Search code examples
jupyter-notebookparallel-processingcluster-computingdaskdistributed-computing

How to fetch data from one cluster to another cluster in dask cluster?


I have created a 1st cluster using this in my jupyter notebook:

from dask.distributed import Client, LocalCluster
cluster = LocalCluster(name='clus1',n_workers=1,dashboard_address='localhost:8789')
client = Client(cluster)

Then read my data using pandas. and performed some preprocessing.

After that, I created 2nd cluster in 2nd jupyter notebook.

from dask.distributed import Client, LocalCluster
cluster = LocalCluster(name='clus2',n_workers=1,dashboard_address='localhost:8790')
client = Client(cluster)

Now I want to fetch the data from one cluster to another cluster.

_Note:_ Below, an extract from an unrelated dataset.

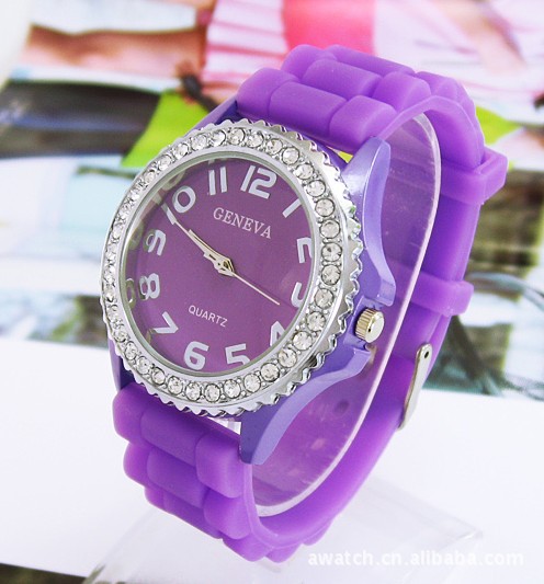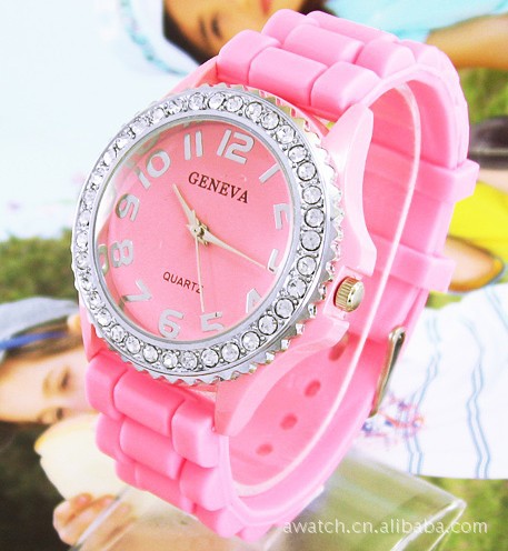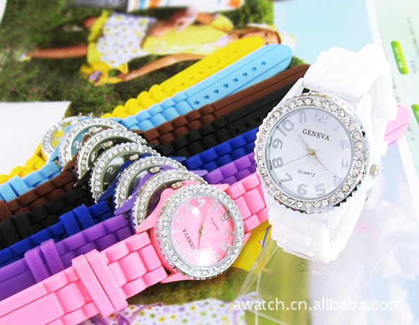 批發GENEVA日內瓦鑲鉆硅膠果凍表時尚個性合金表
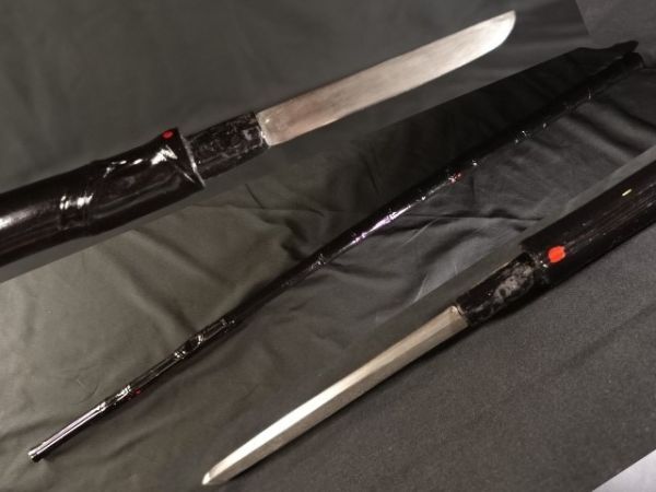 - 226 時代武具 仕込杖 短刀 槍 菊池槍 残欠 合法寸法 刃長約13.4㎝11.5㎝

is there any way around it?


Solution

  • As noted in the comment by @mdurant, another option (if appropriate for the problem at hand) is to re-use the same cluster:

    from dask.distributed import Client, LocalCluster
    cluster = LocalCluster(name='clus1',n_workers=1,dashboard_address='localhost:8789')
    client = Client(cluster)
    client.write_scheduler_file('tmp_scheduler.dask')
    

    Then in the relevant sections, you could connect to the cluster (from multiple notebooks):

    from dask.distributed import Client
    client = Client(scheduler_file='tmp_scheduler.dask')
    

    This obviates the need to transfer files between clusters (as data is on the same cluster).